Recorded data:
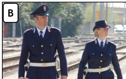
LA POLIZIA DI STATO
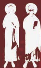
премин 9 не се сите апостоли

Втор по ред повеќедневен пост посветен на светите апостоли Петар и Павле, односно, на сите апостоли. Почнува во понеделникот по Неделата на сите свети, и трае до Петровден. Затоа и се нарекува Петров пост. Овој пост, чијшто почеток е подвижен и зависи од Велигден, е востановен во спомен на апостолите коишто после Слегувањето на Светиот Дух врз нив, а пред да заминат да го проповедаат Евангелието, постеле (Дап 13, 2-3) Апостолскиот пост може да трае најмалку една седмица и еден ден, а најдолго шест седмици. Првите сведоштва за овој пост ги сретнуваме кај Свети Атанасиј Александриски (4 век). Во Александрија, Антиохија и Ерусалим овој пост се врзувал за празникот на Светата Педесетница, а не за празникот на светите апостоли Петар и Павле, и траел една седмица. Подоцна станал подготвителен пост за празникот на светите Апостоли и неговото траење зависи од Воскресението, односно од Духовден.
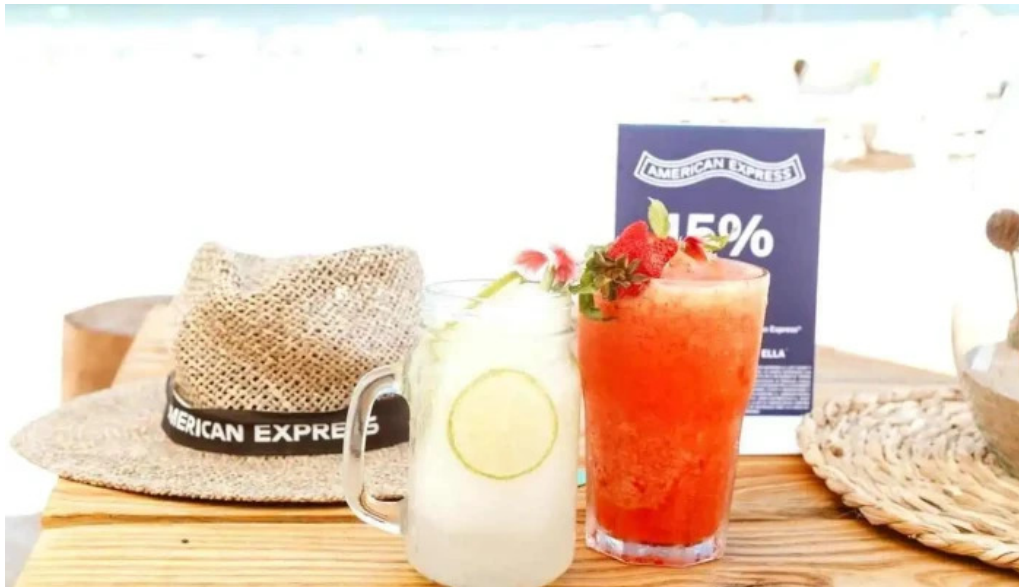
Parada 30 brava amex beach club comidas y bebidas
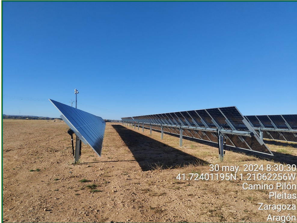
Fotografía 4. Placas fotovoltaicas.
==
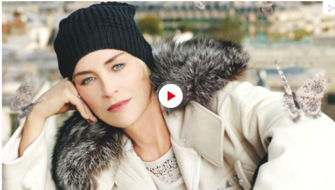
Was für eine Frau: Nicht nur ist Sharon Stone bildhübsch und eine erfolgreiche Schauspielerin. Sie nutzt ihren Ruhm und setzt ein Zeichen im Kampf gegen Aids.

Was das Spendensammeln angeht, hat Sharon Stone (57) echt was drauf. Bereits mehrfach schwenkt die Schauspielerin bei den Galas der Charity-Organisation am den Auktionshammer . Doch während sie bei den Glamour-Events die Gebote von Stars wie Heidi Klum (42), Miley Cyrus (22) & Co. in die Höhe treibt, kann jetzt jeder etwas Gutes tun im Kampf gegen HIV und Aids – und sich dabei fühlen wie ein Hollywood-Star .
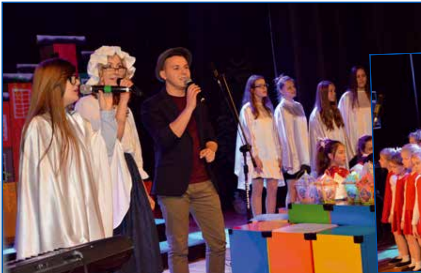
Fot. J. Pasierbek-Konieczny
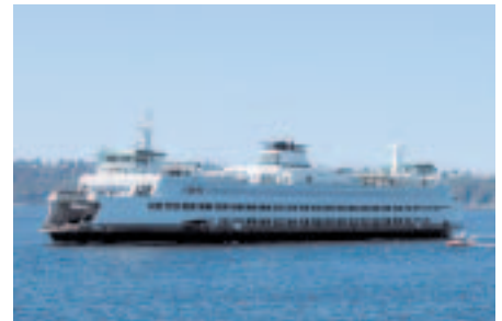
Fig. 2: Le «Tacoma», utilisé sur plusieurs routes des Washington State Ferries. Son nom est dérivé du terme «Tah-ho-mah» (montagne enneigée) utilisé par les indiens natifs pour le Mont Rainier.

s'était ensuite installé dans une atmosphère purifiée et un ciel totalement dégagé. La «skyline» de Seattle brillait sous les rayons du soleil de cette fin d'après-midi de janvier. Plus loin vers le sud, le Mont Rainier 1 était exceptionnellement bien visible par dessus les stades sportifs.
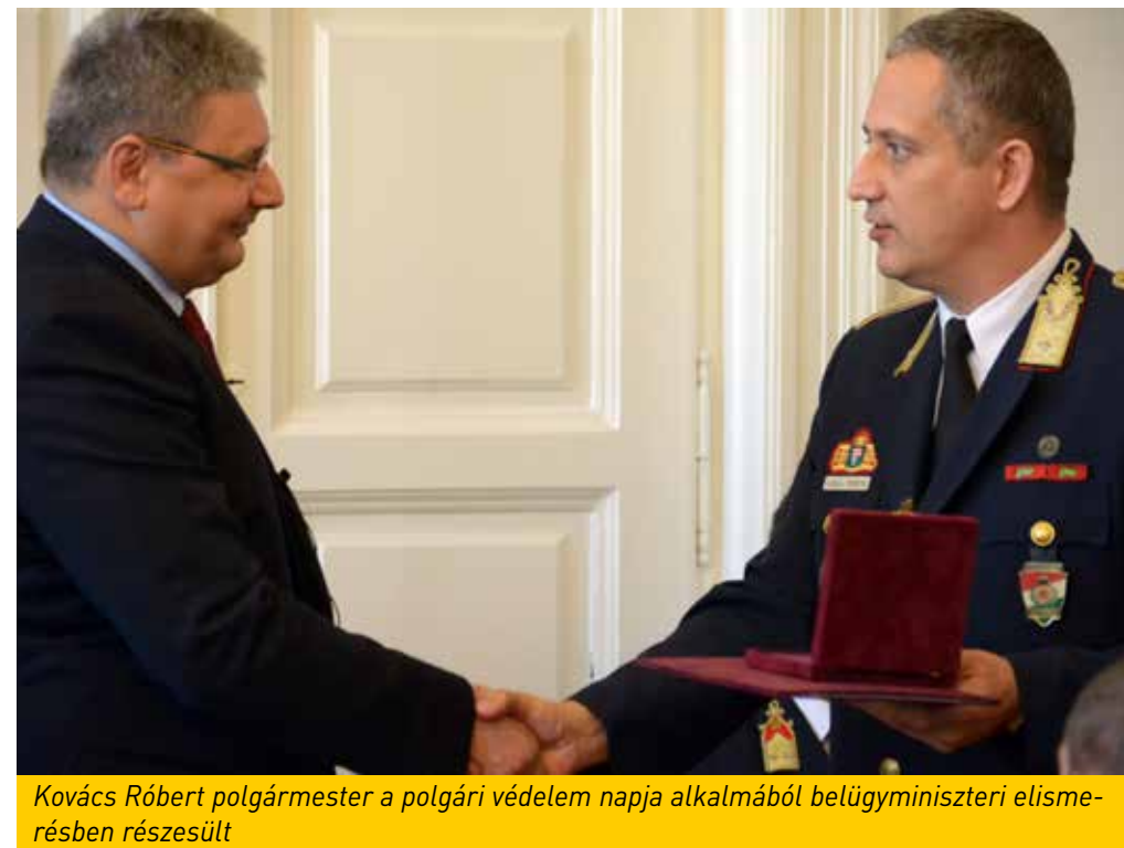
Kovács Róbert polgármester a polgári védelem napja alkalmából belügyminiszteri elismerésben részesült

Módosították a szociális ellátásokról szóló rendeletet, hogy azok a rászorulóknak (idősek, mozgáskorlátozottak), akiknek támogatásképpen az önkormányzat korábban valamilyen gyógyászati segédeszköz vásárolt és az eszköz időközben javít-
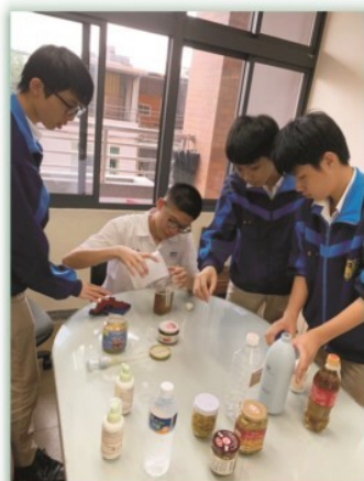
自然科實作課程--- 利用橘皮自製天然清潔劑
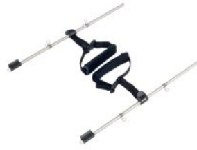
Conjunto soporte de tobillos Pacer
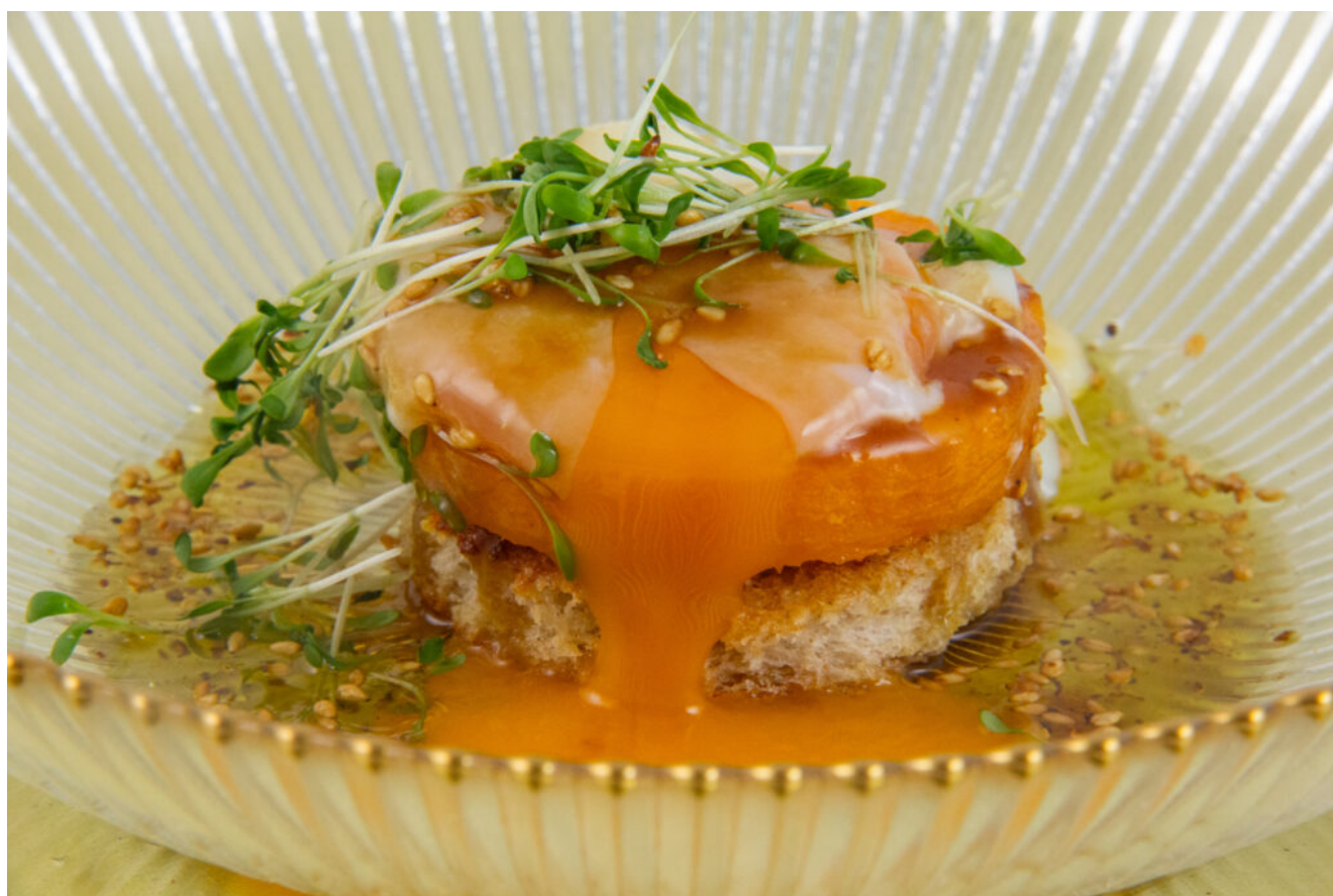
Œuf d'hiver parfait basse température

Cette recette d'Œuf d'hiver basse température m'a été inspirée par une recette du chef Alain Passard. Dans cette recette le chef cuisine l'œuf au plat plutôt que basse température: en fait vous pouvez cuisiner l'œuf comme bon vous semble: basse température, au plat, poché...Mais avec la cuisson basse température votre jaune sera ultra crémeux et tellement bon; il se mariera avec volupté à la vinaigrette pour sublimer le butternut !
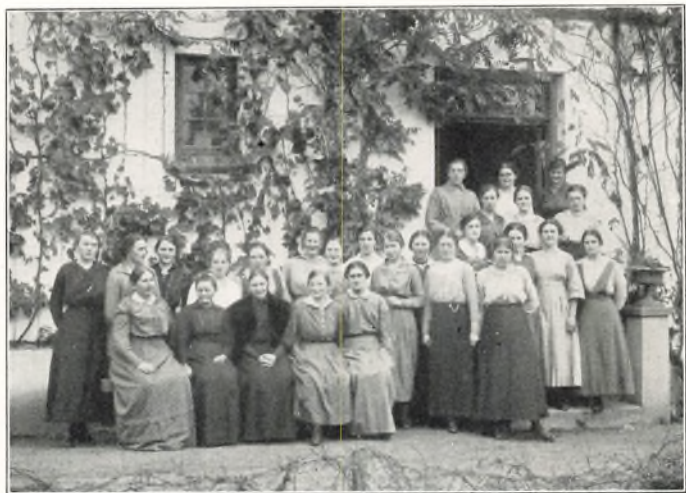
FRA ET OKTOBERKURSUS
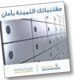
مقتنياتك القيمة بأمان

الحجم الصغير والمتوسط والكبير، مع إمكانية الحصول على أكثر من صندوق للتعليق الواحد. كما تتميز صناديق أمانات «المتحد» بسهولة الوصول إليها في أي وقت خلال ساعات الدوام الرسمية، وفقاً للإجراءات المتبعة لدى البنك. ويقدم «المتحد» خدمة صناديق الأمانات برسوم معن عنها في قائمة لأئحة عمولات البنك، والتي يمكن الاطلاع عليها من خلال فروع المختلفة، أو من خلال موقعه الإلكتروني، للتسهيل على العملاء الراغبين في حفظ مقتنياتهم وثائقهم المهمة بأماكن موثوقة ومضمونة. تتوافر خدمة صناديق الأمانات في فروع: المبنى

__Description of the task__. What are the lines of the data above that include the string "gegen"? Copy them.

__Answer space__.
Was für eine Frau: Nicht nur ist Sharon Stone bildhübsch und eine erfolgreiche Schauspielerin. Sie nutzt ihren Ruhm und setzt ein Zeichen im Kampf gegen Aids.
Was das Spendensammeln angeht, hat Sharon Stone (57) echt was drauf. Bereits mehrfach schwenkt die Schauspielerin bei den Galas der Charity-Organisation am den Auktionshammer . Doch während sie bei den Glamour-Events die Gebote von Stars wie Heidi Klum (42), Miley Cyrus (22) & Co. in die Höhe treibt, kann jetzt jeder etwas Gutes tun im Kampf gegen HIV und Aids – und sich dabei fühlen wie ein Hollywood-Star .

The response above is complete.